-- Information shown follows --

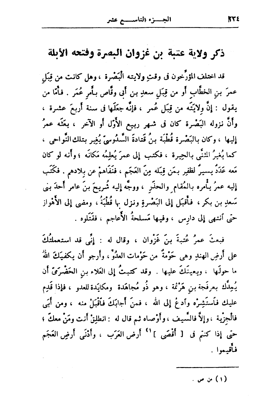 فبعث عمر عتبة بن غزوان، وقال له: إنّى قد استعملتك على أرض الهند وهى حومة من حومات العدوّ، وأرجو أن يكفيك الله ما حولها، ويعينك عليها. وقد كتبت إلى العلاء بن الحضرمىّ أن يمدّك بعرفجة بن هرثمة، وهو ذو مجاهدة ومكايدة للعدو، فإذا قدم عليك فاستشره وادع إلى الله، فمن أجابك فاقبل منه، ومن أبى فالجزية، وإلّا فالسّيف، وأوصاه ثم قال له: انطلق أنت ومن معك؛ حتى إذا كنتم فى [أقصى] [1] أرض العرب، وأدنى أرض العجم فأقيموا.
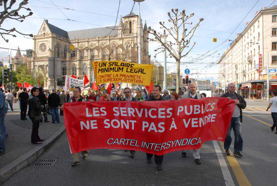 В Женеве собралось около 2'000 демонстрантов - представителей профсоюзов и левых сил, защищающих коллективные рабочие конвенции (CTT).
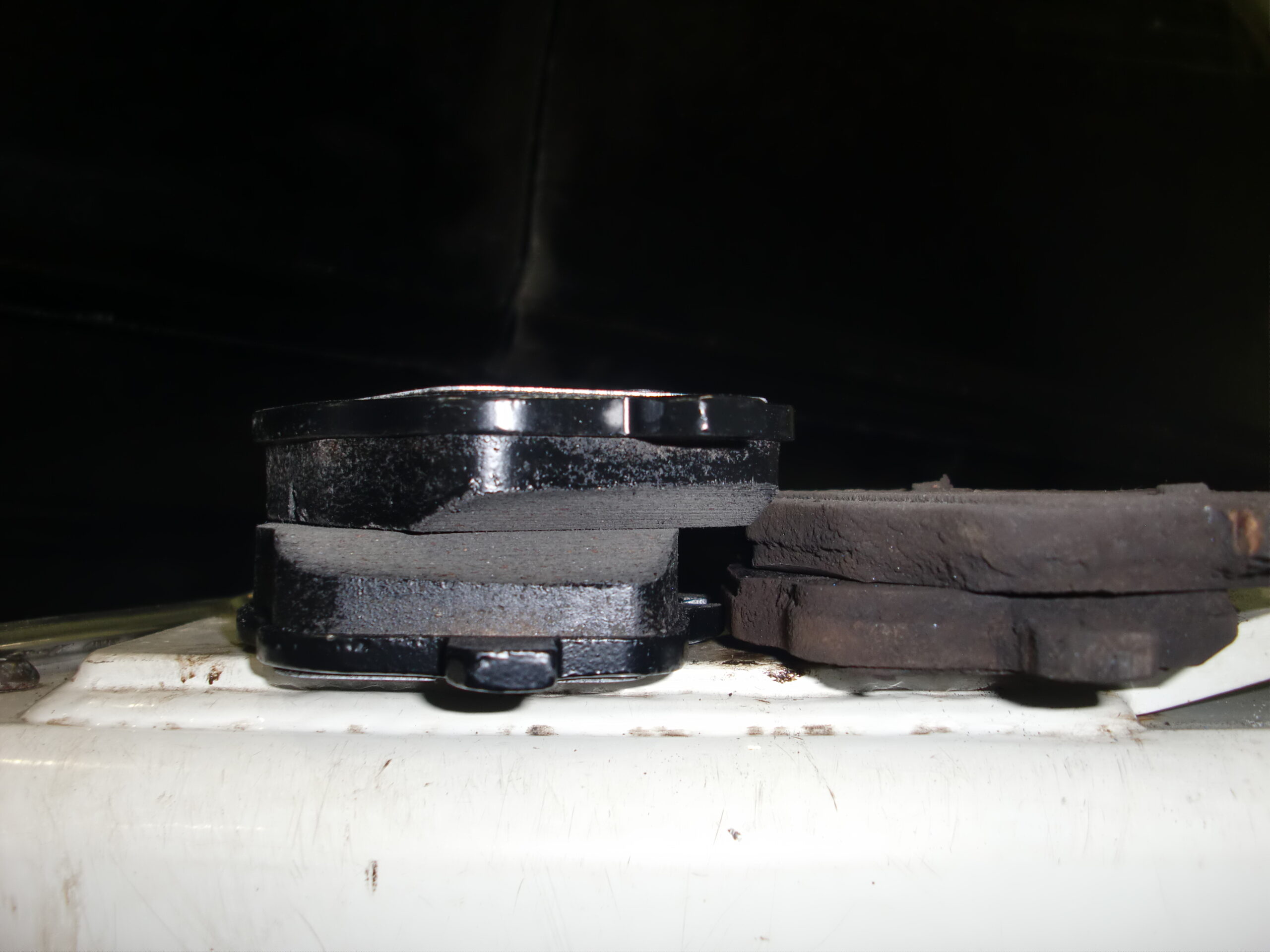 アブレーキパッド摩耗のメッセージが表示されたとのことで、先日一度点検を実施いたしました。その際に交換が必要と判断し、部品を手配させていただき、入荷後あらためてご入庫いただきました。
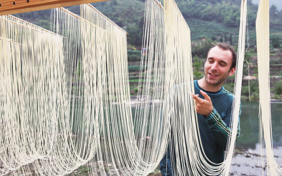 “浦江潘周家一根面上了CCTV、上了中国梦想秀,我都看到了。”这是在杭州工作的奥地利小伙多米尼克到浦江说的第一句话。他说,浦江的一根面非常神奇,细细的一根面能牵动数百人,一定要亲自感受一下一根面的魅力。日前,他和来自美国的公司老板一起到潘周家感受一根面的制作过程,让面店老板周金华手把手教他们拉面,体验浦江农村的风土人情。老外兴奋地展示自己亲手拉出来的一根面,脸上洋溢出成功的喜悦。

-- Information shown concluded --

__The problem__
Without the images, write out each line of the data verbatim.

__Answer for the task__
 فبعث عمر عتبة بن غزوان، وقال له: إنّى قد استعملتك على أرض الهند وهى حومة من حومات العدوّ، وأرجو أن يكفيك الله ما حولها، ويعينك عليها. وقد كتبت إلى العلاء بن الحضرمىّ أن يمدّك بعرفجة بن هرثمة، وهو ذو مجاهدة ومكايدة للعدو، فإذا قدم عليك فاستشره وادع إلى الله، فمن أجابك فاقبل منه، ومن أبى فالجزية، وإلّا فالسّيف، وأوصاه ثم قال له: انطلق أنت ومن معك؛ حتى إذا كنتم فى [أقصى] [1] أرض العرب، وأدنى أرض العجم فأقيموا.
 В Женеве собралось около 2'000 демонстрантов - представителей профсоюзов и левых сил, защищающих коллективные рабочие конвенции (CTT).
 アブレーキパッド摩耗のメッセージが表示されたとのことで、先日一度点検を実施いたしました。その際に交換が必要と判断し、部品を手配させていただき、入荷後あらためてご入庫いただきました。
 “浦江潘周家一根面上了CCTV、上了中国梦想秀,我都看到了。”这是在杭州工作的奥地利小伙多米尼克到浦江说的第一句话。他说,浦江的一根面非常神奇,细细的一根面能牵动数百人,一定要亲自感受一下一根面的魅力。日前,他和来自美国的公司老板一起到潘周家感受一根面的制作过程,让面店老板周金华手把手教他们拉面,体验浦江农村的风土人情。老外兴奋地展示自己亲手拉出来的一根面,脸上洋溢出成功的喜悦。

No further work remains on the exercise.